Although in Tarragona the cult to Santa Tecla has existed since ancient times, it was not until the period of the Reconquest that the festivities outline the embryonic structure that will be perpetuated, and that adopt the streets of the city as the essential physical space in which such festivities are to take place.

In 1091, the Pope Urban II restored, if only juridically, the metropolitan seat of Tarragona and declared the festivities of Santa Tecla as a day of obligation and main celebration of the year. However, this was only a phase previous to the effective restoration, which took place several years, later, in 1118, when the count of Barcelona, Ramon Berenguer the Great offered the city to the bishop Olegarius (Oleguer) of Barcelona. It was from that moment on that we refer to a real repopulation of Tarragona. The pontifical bull of Gelasius II ratified the day of Santa Tecla as the main festivity of the year and, of course, as a day of obligation.

The relevance of the path which had been started was confirmed in year 1239 at the first Provincial Council, presided by the archbishop Pere d'Albalat, and in year 1277, at the council, of archbishop, Bernat d'Olivella. Until that moment, however, the festivity is confined within the strictly liturgical framework.

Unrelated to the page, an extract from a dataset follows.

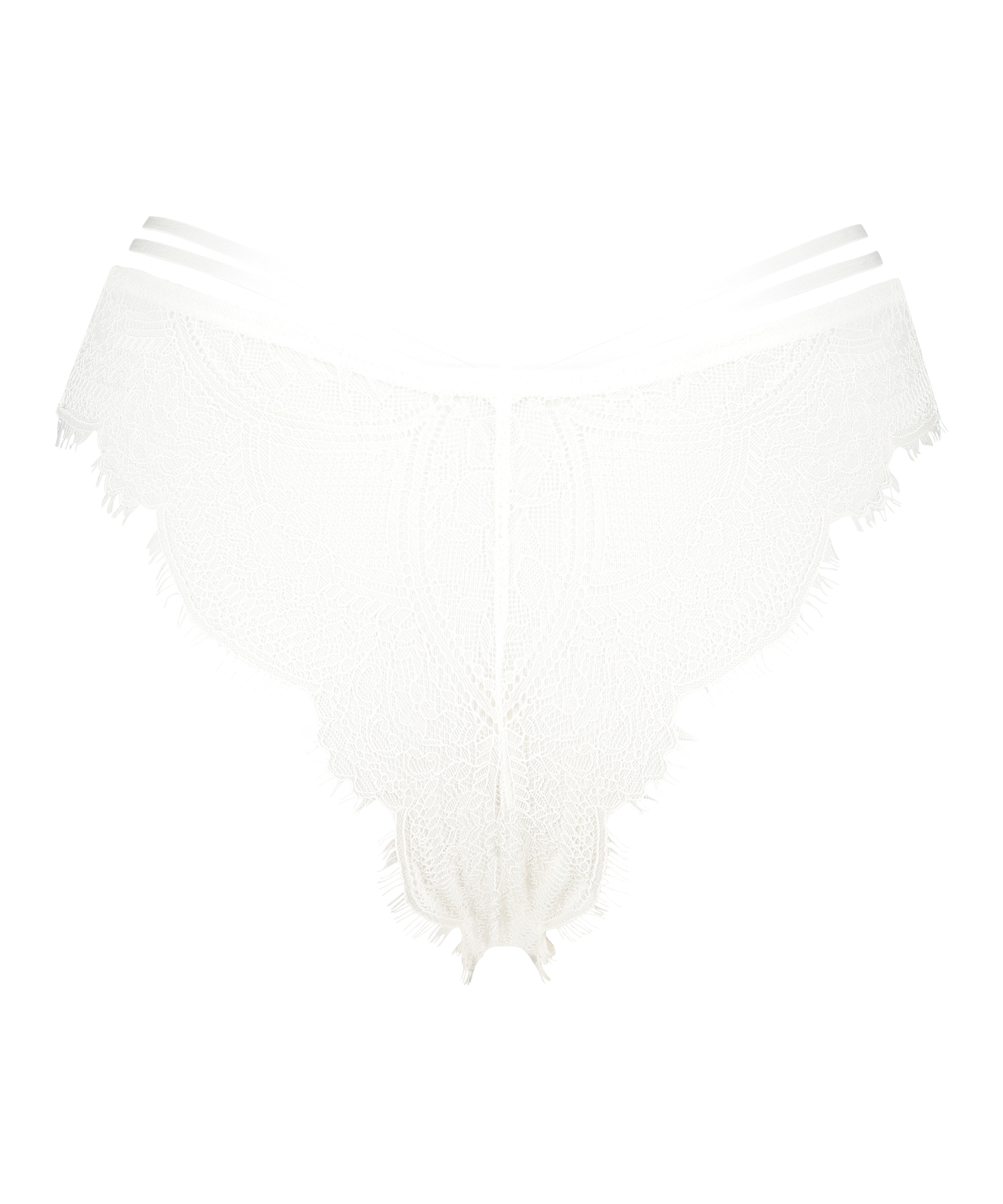¡Esta brasileña de tiro alto es lo más! La braguita hace que tus piernas parezcan un poco más largas y tiene detalles de tiras. Combínala con un sujetador o bralette a juego para formar un conjunto.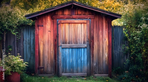 Rustic Wooden Shed with Blue Door Autumn Scenery

The increasing popularity of the celebration leads to a fact that will become extremely important for the evolution of the Festivities. On 17 May 1321, the relic of the arm of the patroness saint arrives in Tarragona, from Antioch, located in the Orient. The city carried out an absolutely spectacular and overwhelming welcome reception, in such a way that this would become the point of reference for the subsequent structuration of the festivity. For the first time ever, the population, by means of all of its integrating social classes or strata—political, ecclesiastical, soldiers or military men and working class—fills the streets and takes possession of it. Space is filled with the new dances performed by the local guilds which, in a process of syncretism of pre-Christian and Christian rituals, are always made functional the service of the sacred.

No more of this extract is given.